- _TASK BRIEF_
Would you return, word for word, the lines of the data below from the line with "ينشر موقع السبورة" through the line with "Es un Aceite", and no others?

- _SUPPLIED MATERIAL_
··········
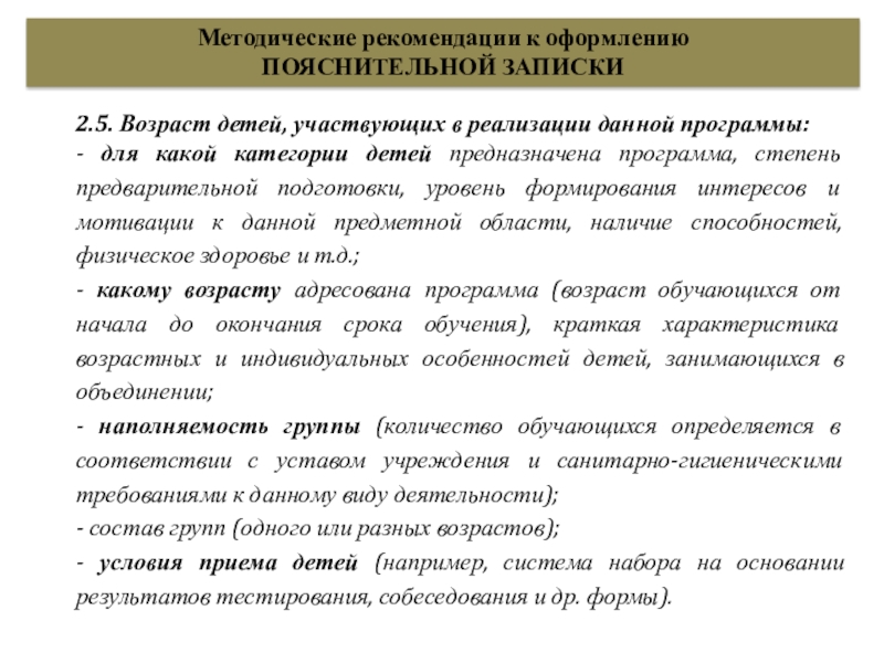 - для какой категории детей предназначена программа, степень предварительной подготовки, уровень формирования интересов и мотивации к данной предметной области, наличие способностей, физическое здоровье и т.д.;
··········
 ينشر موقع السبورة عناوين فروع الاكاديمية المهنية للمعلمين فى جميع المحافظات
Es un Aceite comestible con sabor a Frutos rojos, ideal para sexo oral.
··········
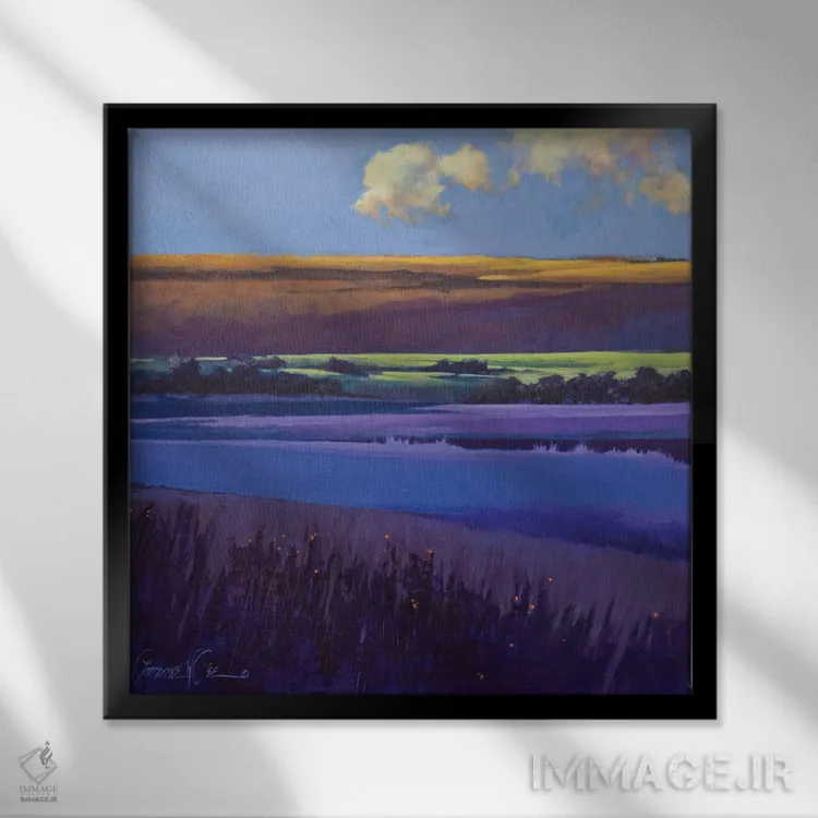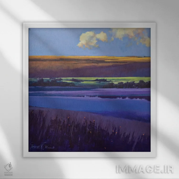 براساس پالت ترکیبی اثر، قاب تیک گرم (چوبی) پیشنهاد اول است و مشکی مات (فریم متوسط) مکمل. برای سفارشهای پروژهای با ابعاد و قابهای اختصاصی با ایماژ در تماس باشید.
··········
- _ANSWER TO THIS PROBLEM_
 ينشر موقع السبورة عناوين فروع الاكاديمية المهنية للمعلمين فى جميع المحافظات
Es un Aceite comestible con sabor a Frutos rojos, ideal para sexo oral.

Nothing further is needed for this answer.